I wasn't sure whether that robustness is already being "used" in atom right now.
Yeah, it already is; that's the feature that basically allows the majority of the file to parse while other parts have errors.
it might make sense to indicate the broken syntax to the user (e.g., using red underlining).
Yeah, I've experimented with this in the past, but I haven't chosen to go that route. The main reason is that in some languages like C, because you can do such unpredictable things with the preprocessor, we'll never be able to parse everything without errors; instead, we have to rely on error recovery for presenting useful results to the user.

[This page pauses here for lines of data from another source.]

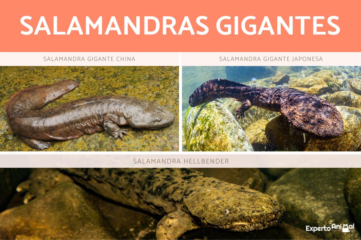 Otro tipo de estos anfibios son las salamandras gigantes, llamadas así precisamente por sus grandes tamaños. Existen solamente tres especies:
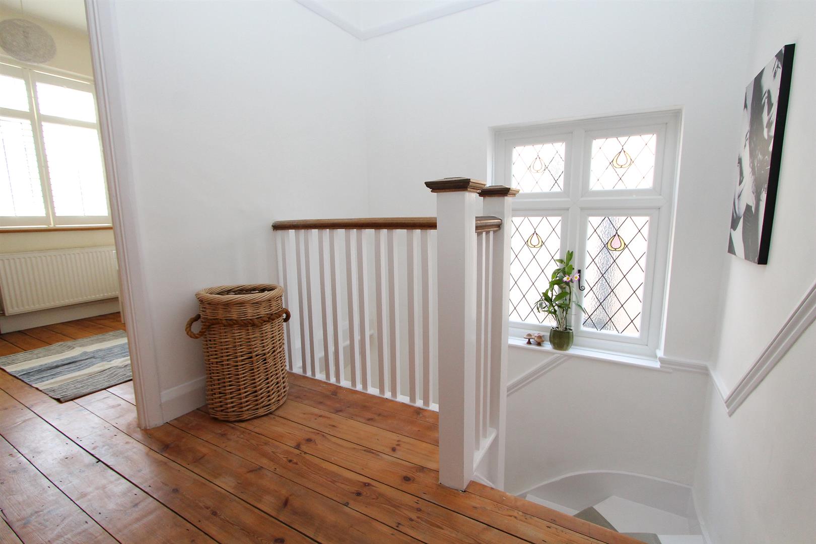 Double glazed stained glass window to side aspect, varnished floorboards, loft access (with pull down ladder and light, boarded for storage with Velux windows)
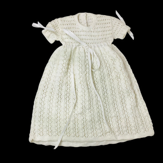 Vintage Infant Baby Dress Hand Crochet Knit White Ribbon Detail
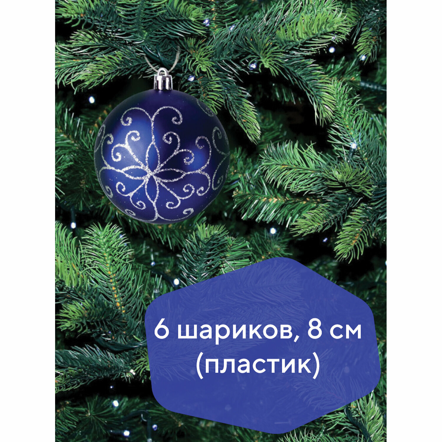 Шар на ель 590892 6 шт. синий Золотая сказка (размер: 8 см)
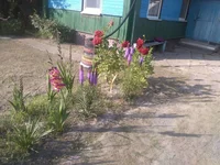Plac jest dobrze utrzymany i gotowy do użycia: drzewa owocowe rosną na nim, są łóżka, a także szklarnia do uprawy warzyw.
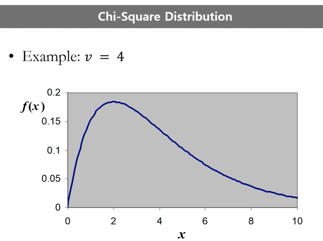 2) 카이 제곱 그래프 - skew to the right (자유도 4)
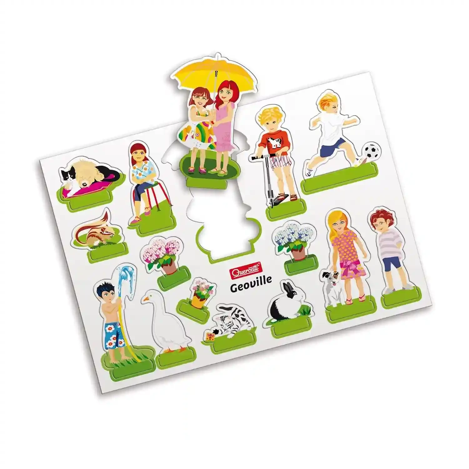 Quercetti Geo Ville 4090 is a multi-piece interlocking construction set, letting children build imaginative villages, scenery, and structures on sturdy base plates.
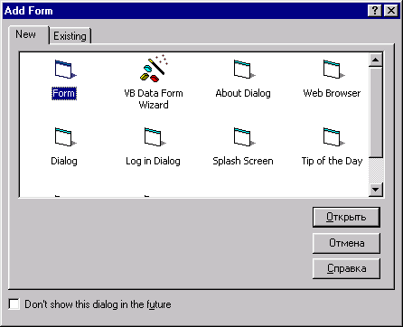 Visual Basic б предлагает разработчику набор готовых стандартных шаблонов форм, широко используемых практически во всех его приложениях.

I could imagine an approach where, if there's an error at the start of the current line or the end of the previous line, you inspect the tokens within the error, and use those tokens to compute the suggested indent level. For example, if you're in an error, but the previous line ends with a {
or =
token, you might want to indent.
The good news is that even when there's an error, we still have tokens to work with; we don't have to look at the raw text, so we don't have to worry about {
or =
characters occurring within strings, or that sort of thing. It's not fully thought through, but I think it may be worth exploring.
OK, so I've made a bunch of progress within the package. It now has support to Javascript (incl. JSX), HTML, Python, C and C++. The latter three could use some more testing, especially some of the C++11 features, which I'm not yet familiar with. But I think the overall structure is more or less complete and it is just a matter of configuration now, at least for these languages. You can check out how it currently indents by looking at the sample files in https://github.com/chfritz/atom-sane-indentation/tree/master/spec/fixtures. The current indentation in these files is how the package currently suggests it.
Are there any other languages you think we should try before we think about creating a PR into atom core? I haven't done Ruby yet because I don't know it and can't quite judge what's right from wrong. But if someone can provide me with a reasonably exhaustive sample file (exhaustive in the sense of containing all language features) that is already indented correctly, then I'd be happy to try it.
@maxbrunsfeld I've gone ahead and created a PR in core and a corresponding PR in language-javascript with the configuration required for JavaScript. If and when that is reviewed and merged, I can port the configuration I already have for the other languages I'm listing above (and which are already in the sane-indentation package code).
Enhancement
Description
As discussed in various places, including https://github.com/atom/atom/pull/10384#issuecomment-174019550, there is an opportunity to implement a new indentation logic that heavily exploits the output from the new tree-sitter parser. This makes it possible to address a number of issues users have been seeing with indentation, including in other languages, e.g., https://github.com/atom/atom/issues/6655.
Status
I've started developing this in my sane-indentation package, and version 0.9.3 already use it. It works very well so far and without having gone through the above linked list of issues in detail, it seems to fix a good number of them already. I'm showing an example of its current indentation below.
Proposed Approach
I plan to complete the work for this new logic in the package for JavaScript. Once that is done, i.e., it fixes all known indentation issues, so long as they are not mutually exclusive (for instance, because they were just a matter of opinion), then I propose we discuss porting that code into this package (language-javascript). If and when that is completed, i.e., we all agree that this is the right approach, then it should be relatively simple to port this to other languages as well.